I always (gently) teased my grandmother that she had to live to be 100.
And this was no childhood thing; I am pretty sure I started this campaign in my 20s. I’m not sure why I did, and likely it was because I never could imagine a world where she was not in it, even if she had to live to be 190.
Like horseshoes and hand grenades, she won that by being close, leaving this world seventeen years ago today. And I was on the other side of the country.
So I reach into the pile of past posts and comb through the 50 minutes of so I recorded of her back in maybe 1996, done on an old school microcassette tape at my sisters house in Baltimore.
In this clip she insists on her childhood being good (with her laugh). The backstory is this was a childhood where her immigrant mother Eva passed away when grandma was ?? maybe 11 (I find Eva in the 1915 Census but not 1920), being raised largely by a mob of older sisters and brothers in likely a Newark tenement apartment. They were poor and never seemed to talk about that being bad, because she and her siblings had each other, and a dad, who all I knew was a kind of natural genius, a gifted self taught, award winning chess player.

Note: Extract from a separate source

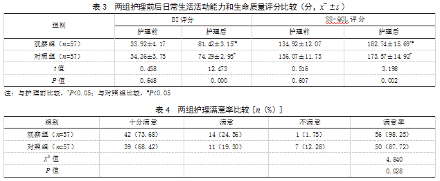 2.3两组护理前后日常生活活动能力和生命质量评分比较护理前,两组BI、SS-QOL评分比较,差异均无统计学意义(P>0.05);护理后,两组BI、SS-QOL评分均高于护理前,且观察组高于对照组,差异有统计学意义(P<0.05)。见表3。

She describes going to the movies with her mother, Eva silent movies, having to read the dialogue cards to her mother who did not speak English. Granny had learned piano as a child, I think there’s a story of learning at a neighbors, and she said she worked briefly playing piano in the silent theaters (“until they got an organ”).

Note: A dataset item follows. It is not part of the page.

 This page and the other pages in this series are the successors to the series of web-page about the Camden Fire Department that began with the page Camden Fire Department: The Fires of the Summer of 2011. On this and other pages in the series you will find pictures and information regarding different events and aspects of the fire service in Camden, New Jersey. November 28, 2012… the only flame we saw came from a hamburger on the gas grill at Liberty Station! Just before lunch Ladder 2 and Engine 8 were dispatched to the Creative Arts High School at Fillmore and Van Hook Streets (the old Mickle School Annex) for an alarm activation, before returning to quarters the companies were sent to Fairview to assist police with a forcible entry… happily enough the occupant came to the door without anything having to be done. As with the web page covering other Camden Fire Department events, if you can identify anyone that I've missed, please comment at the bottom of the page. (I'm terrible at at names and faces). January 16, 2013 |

She talked about having to go to work at age 14, when she was “done” with school after the 8th grade. That was considered enough schooling around that time (~1918). Only her youngest sister Florence went to high school. “High school?” she says on tape with a lilt, “Whoever heard of high school?”
I can see I used the same photo above for several of these posts, and it’s funny, because while I remember that being at my sister’s house, I just noticed that the audio cassette recorder is sitting on my knee. Thus this photo was taken at the time the above audio was recorded (ignore my mullet hairdo).
Or maybe my memory is wrong, the caption on that flickr photo mentions the recorder- but there it is, working some 1990s technology to save Granny’s voice. So I can hear it again in 2020.

I don’t know what became of that recorded, not even sure whose it was, but here was my setup in 2009 when I had sense to digitize it
I don’t know what kept her going to live to 98; she outlived her husband by like 50 years, outlived all of her brothers and sisters, outlived both of her children and one grandchild.
It was the thing I kidded her about all the time (I loved to make her laugh). Her “spunk”.
98 was more than enough, Granny. Thanks for every one of your loving quirks. Hello from 2020, though I am glad you do not have to see it lived out. You did plenty from 1905 to 2003.
Featured Image: Mashup of my own photo of me and granny Recording Grandma’s Stories flickr photo by cogdogblog shared under a Creative Commons (BY) license, lightened slightly, and superimposed with the numbers that include 100 and 98 (box added around “98”) from Image from page 305 of “Soils, their properties and management” (1915) flickr photo by Internet Archive Book Images shared with no copyright restriction (Flickr Commons)
Great memories! I liked to tease her too. I remember when she was at the nursing home and it was election day. I asked her if she wanted to go downstairs and vote and she said ‘no, maybe next time’. I told her she’d be 101 the next election and she said ‘okay’. I think she fully expected to still be around, as feisty as ever!
Yes, that’s my house. I brought that couch to Florida and it ended up at a thrift shop. Wish we had that recording.
I bet Granny would never wear a red hat!
I think I sent the audio on a CD but can get you a copy of the full set, also the ones I did with Mom in 2011.